A Summer Well Spent

August 12, 2015


Editor’s Note: The following first appeared in the University of Iowa’s Hawk Talk Daily, an e-newsletter that offers a daily look at the Iowa Hawkeyes, delivered free each morning to thousands of fans of the Hawkeyes worldwide. To receive daily news from the Iowa Hawkeyes, sign up HERE.


IOWA CITY, Iowa — University of Iowa softball junior Kaitlyn Mullarkey met a few new friends during her summer course — one of them goes by the name of Lord Stanley.

The Park Ridge, Illinois, native was one of 18 UI students selected to participate in the Chicago Sports Business Practicum led by sports management lecturer Dan Matheson. The three-week course gave students the opportunity to work with executives from the 2015 Stanley Cup Champion Chicago Blackhawks.


“It was cool to see all of the things that go into running a sports organization outside of coaching and the team,” said Mullarkey. “I’m a big Blackhawks fan, so touching the cup was pretty incredible. I’ve seen the cup before, but that was the first time I was able to touch it.”

This year’s visit was the second of its kind for the practicum that is unique to the University of Iowa. The idea was created by Matheson and implemented with the help of UI alum and current senior director of new media and creative services for the Blackhawks, Adam Kempenaar.

“I reached out to Adam a couple years ago and suggested the idea,” said Matheson. “He was intrigued. It developed through Adam’s interest in helping support the University of Iowa, and my interest in taking a group of students to Chicago.”

After spending a week working on a marketing research project for the Waterloo Bucks, the practicum moved to Chicago. Upon arrival the students met with the Blackhawks’ front office and split up into project groups. Mullarkey paired up with community relations manager Ashley Hinton where she assisted with fan mail and came up with ideas to help improve Chicago’s current system.

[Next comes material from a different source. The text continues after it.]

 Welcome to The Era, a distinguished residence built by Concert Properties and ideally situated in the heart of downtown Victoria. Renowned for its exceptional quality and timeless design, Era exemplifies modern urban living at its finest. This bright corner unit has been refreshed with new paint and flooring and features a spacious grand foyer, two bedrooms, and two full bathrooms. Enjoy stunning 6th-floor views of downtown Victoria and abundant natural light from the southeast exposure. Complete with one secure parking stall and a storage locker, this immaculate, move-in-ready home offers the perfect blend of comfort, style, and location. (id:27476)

“It was nice to see the stuff we had been doing in class actually happen,” Mullarkey said. “I got to apply everything I had been learning in my classes to a real-life situation.

“I also learned that I could survive in a work setting. I haven’t been able to have a job or an internship before this experience. It showed me that it is something I’m interested in, and it’s something that I could do.”

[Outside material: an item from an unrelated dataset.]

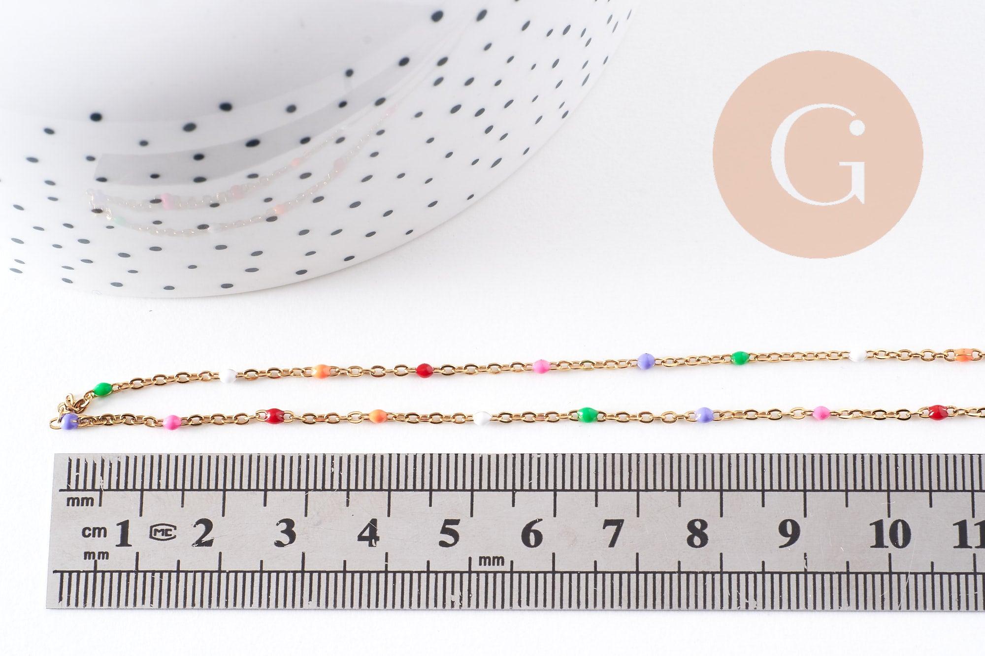Fall for this fine chain in 14K gold-plated 304 stainless steel , adorned with white resin for a luminous and refined touch. Its delicate and timeless design makes it a perfect piece of jewelry to wear alone or to enhance with a pendant. Thanks to its stainless steel design, this chain is durable, water-resistant and does not tarnish , guaranteeing long-lasting shine.

With rigorous classroom and competition schedules, it is not uncommon for student-athletes to graduate without internship experience, something Matheson hopes to improve by offering practicum courses.

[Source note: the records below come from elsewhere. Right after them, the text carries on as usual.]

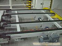 链式托盘输送机是立体库出入系统中常用设备,它承载能力大。主要用于托盘的运输。
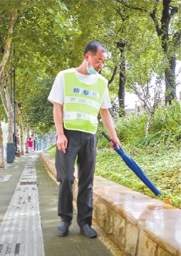 长江日报讯(记者谭德磊)7月15日下午3时,武汉雨过天晴,长江水位降至28.41米,58岁的老党员李琳沿着武昌江滩中华路码头一路巡堤查险,检查是否有渗水点。
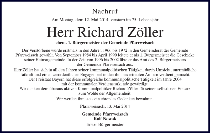 Hier finden Sie alle Traueranzeigen aus der Zeitung, die bisher für Richard Zöller erschienen sind. Weitere Traueranzeigen, die in der Zeitung erscheinen, werden hier ebenfalls aufgelistet
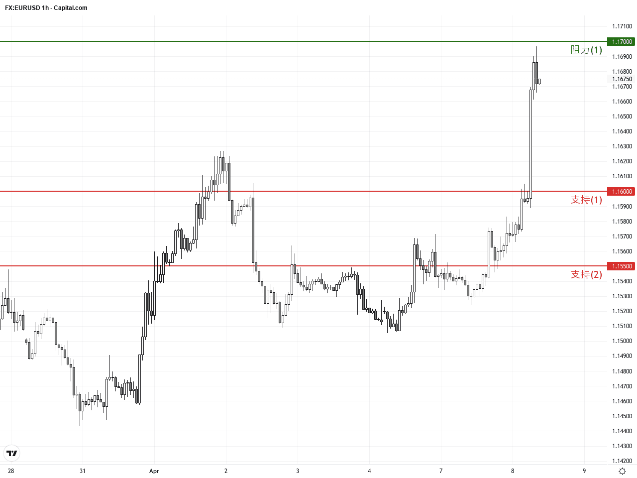 過去24至48小時內,歐元兌美元(EUR/USD)呈現顯著波動,價格自昨日收盤價約1.1597附近強勢反彈,上漲至約1.1671,漲幅超過0.6%。這輪漲勢背後的主要推動力是美國前總統特朗普提及美伊有望達成一項持久和平協議,緩解了市場對中東衝突升級的擔憂。

“One of the real benefits I see out of this course is that we can offer student-athletes the chance to get almost everything they would get out of a semester long internship in a condensed time period,” he said. “They generally don’t get the opportunities during the rest of the year to perform the internships that they need to be competitive after they graduate.”

Many students are still reaping the rewards of participating in the practicum. Several were invited by members of Chicago’s front office to participate in meetings after the practicum concluded, and one student recently accepted a full-time internship with the team.

“I was proud of the students and the way they embraced the opportunity,” said Matheson. “Our success and being invited back year after year depends on the commitment of the students who are in it. They did a great job of representing themselves and the University of Iowa.”

For Mullarkey, participating in the practicum provided her with more than just real-world experience.

“Being able to do something like this with other classmates from Iowa was amazing,” said Mullarkey. “I knew one person going into the trip, so it was cool to build relationships with these people while working on real projects.”